You mean “in case he causes something catastrophic to happen”

Might not want to buy a huge refinery to create rocket fuel if that’s a real concern. Allegedly.

The earth has huge gravity well compared to Mars. Eventually, rocket ships built on Mars will be far less expensive then those built on earth, so for the kind of things like astroid mining and refining like you see in Expanse, Mars will be more economical. Admittedly not in our lifetime but New World colonies took 100+ years to be profitable.

Do you have a reference for that? My understanding was that Spain was getting a net benefit from the New World by the 1520s.

I’m gonna bet there aren’t any primitive aliens on Mars hoarding Helium-3.

I was thinking of particular places like Plymouth and Jamestown, we also have to consider all of the settlements that failed and/or were abandoned.

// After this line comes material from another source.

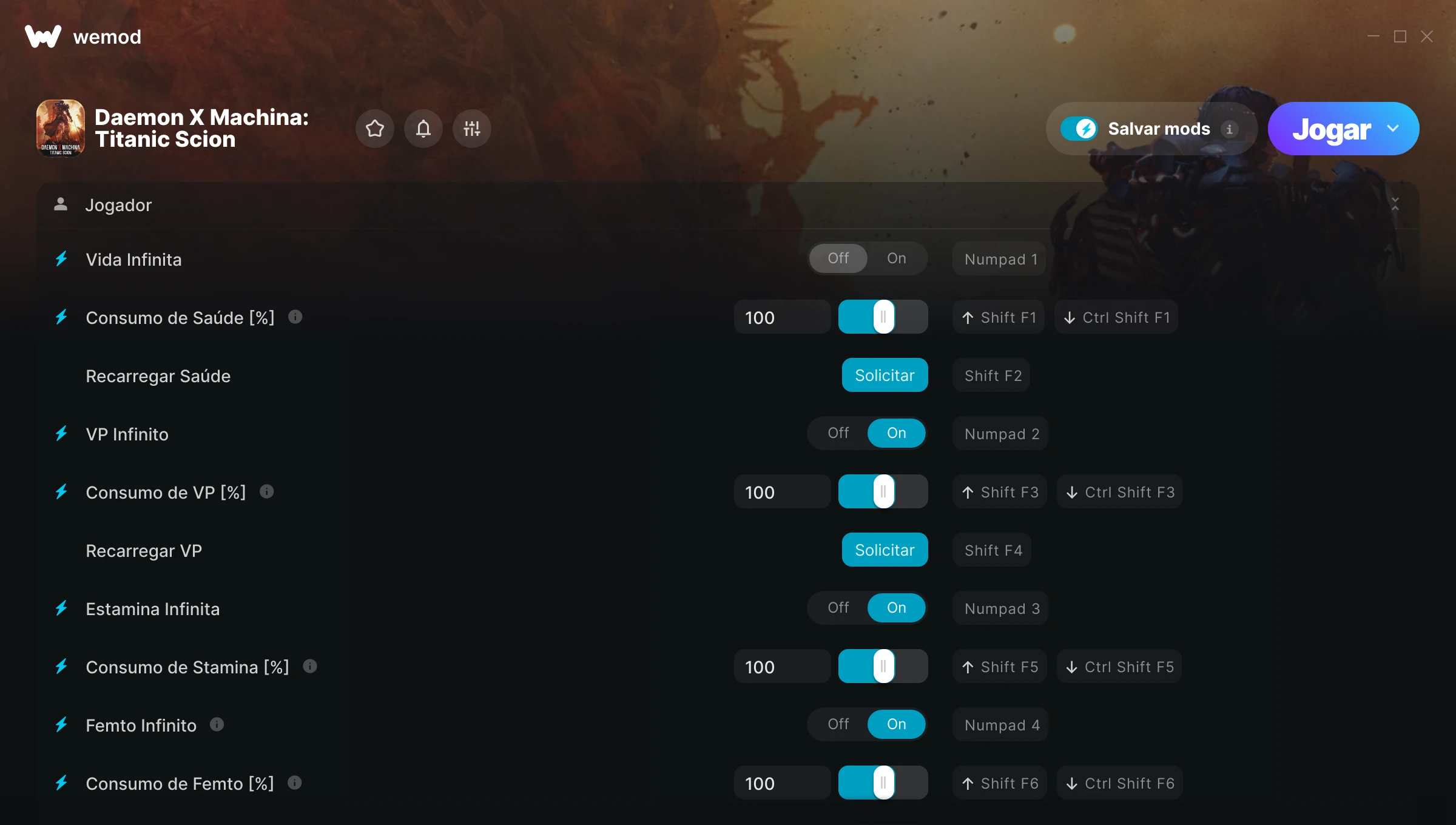Como uso as trapaças em Daemon X Machina: Titanic Scion?O WeMod exibirá todos os jogos no seu PC com segurança. Abra um jogo da lista e simplesmente pressione Jogar. Depois que o jogo for carregado e você estiver no jogo, você poderá começar a ativar diferentes trapaças!Vai funcionar com a minha versão do jogo?O WeMod usa tecnologia avançada para detectar a versão do jogo que você está rodando e avisar se é suportada. Se não for, você ainda terá a opção de tentar assim mesmo ou solicitar uma atualização!
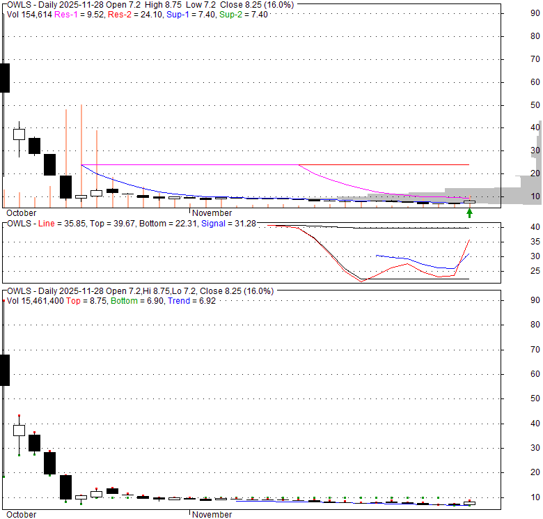 Price has closed above its short-term moving average. Short-term moving average is currently below mid-term; and below long-term moving average. From the relationship between price and moving averages: This stock is NEUTRAL in short-term; and NEUTRAL in mid-long term.[ OWLS ] has closed below upper band by 43.5%. Bollinger Bands are 0% narrower than normal.

I could be wrong but my understanding is that Spain got rich from the New World almost entirely from sacking Inca, Maya, and Azteca empires and stealing their gold and taking over the gold and silver mines, using indigenous slaves.

The Economy of Plymouth Colony - History of Massachusetts Blog.

You rang?

The thing about colony profitability is that it depends on how you’re measuring it. It was certainly quickly profitable for the rulers, and not that slower for exporters with a captive new market as mercantilism surged, all of them greasing bureaucrats, royal families, and the church. State accounts, not so much.

Interesting. I actually thought alignment WAS calibration. Boy I can’t wait to see some of the first images, when it’s all ready to go!

My understanding is that now they are going to work on calibrating other aspects like thermal effects when they aim it in different directions relative to the sun (which can degrade alignment among other issues), how it behaves when tracking moving objects, how it behaves when pointing at a star and masking out its bright light to see faint objects like planets, and just generally checking on observing different wavelengths of light.

The Ingenuity copter has been taking pictures of the parachute used in its own rover’s landing.

image

What a beautiful picture. I still can’t believe that thing flies in an environment with such low air density.

Boeing, where quality is job 1, 2, 3, 4, 5, 6, 7

I was very interested to see that NASA is finally standing up to the Senate. The US Senate has for years used the NASA budget more as a subsidy for favored providers than to actually cost-effectively develop things. Which is why SLS is enormously expensive and keeps postponing launch and scaling back planned capability while SpaceX keeps delivering cheaper solutions in a much more timely manner.

Here’s some perspective on how much better the JWST is compared to our previous IR telescopes

C=64
Amiga
SVGA

Lol, that was about my first thought when I saw the images. Except in my head the progression was CGA, EGA, VGA.